Before reviewing each legislative change in detail, the following six points capture the practical essentials every foreign buyer should absorb immediately:
Spain’s property regulatory framework is governed by a combination of national legislation and autonomous‑community (regional) competences, particularly in taxation. Two parallel reform tracks converged in early‑to‑mid 2026, creating the current environment for foreign investors.
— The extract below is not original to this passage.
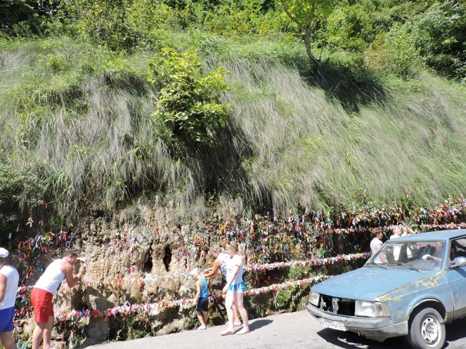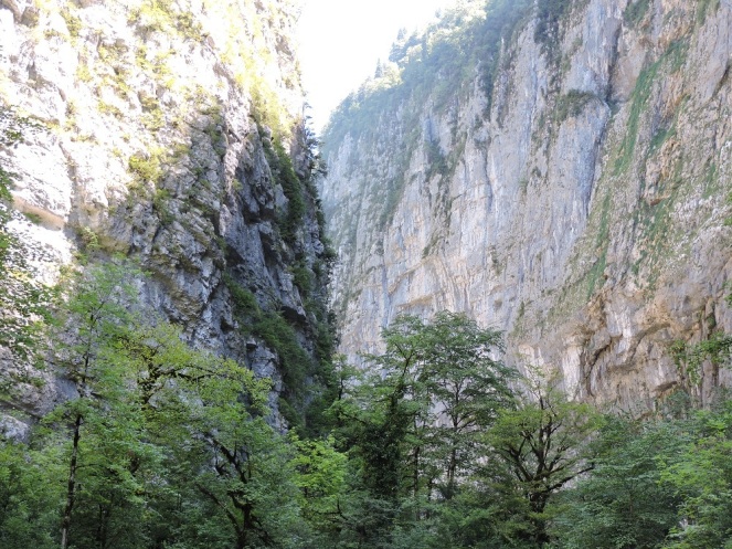 По дороге есть село Бзыбь, где сохранились остатки крепости 10 века. Въезд в национальный парк платный, но места красивые. Едешь по ущелью, вокруг горы, скалы нависают над тобой. Всюду прекрасные виды. Озеро Рицца не впечатлила. Кругом кафе. Небольшое грязное озеро. Еще хуже и намного меньше голубое озеро. Но в целом парк приятный. Машин столько, что возникают пробки. Припарковаться почти невозможно. Осмотрев все что хотел, поехал в село Лыхны.

The first track is the national Royal Decree‑Law 2/2026, approved by the Council of Ministers and published in the BOE on 4 February 2026. The decree bundles emergency housing‑supply measures with targeted fiscal adjustments affecting purchase taxation, rental regulation and non‑resident reporting. The second track comprises regional tax reforms, the most significant being the Comunidad Valenciana’s ITP and AJD rate reductions, which took effect on 1 June 2026.
| Date | Event | Impact on foreign buyers |
|---|---|---|
| 4 February 2026 | Royal Decree‑Law 2/2026 published in BOE | New tax‑base rules, reporting obligations and rental measures take effect |
| 1 June 2026 | Comunidad Valenciana ITP/AJD rate cut effective | ITP reduced from 10 % to 9 %; AJD from 1.5 % to 1.4 % on qualifying transactions |
| Ongoing 2026 | Other autonomous communities reviewing ITP schedules | Buyers in Andalucía, Catalonia and Madrid should monitor regional bulletins |
Foreign investors and their advisers should maintain direct access to the official texts rather than relying on secondary summaries. The primary references are the BOE publication of Royal Decree‑Law 2/2026, the Agencia Tributaria’s published guidance on the decree’s fiscal measures, and the relevant regional treasury bulletins (such as the Diari Oficial de la Generalitat Valenciana for the Comunidad Valenciana ITP changes).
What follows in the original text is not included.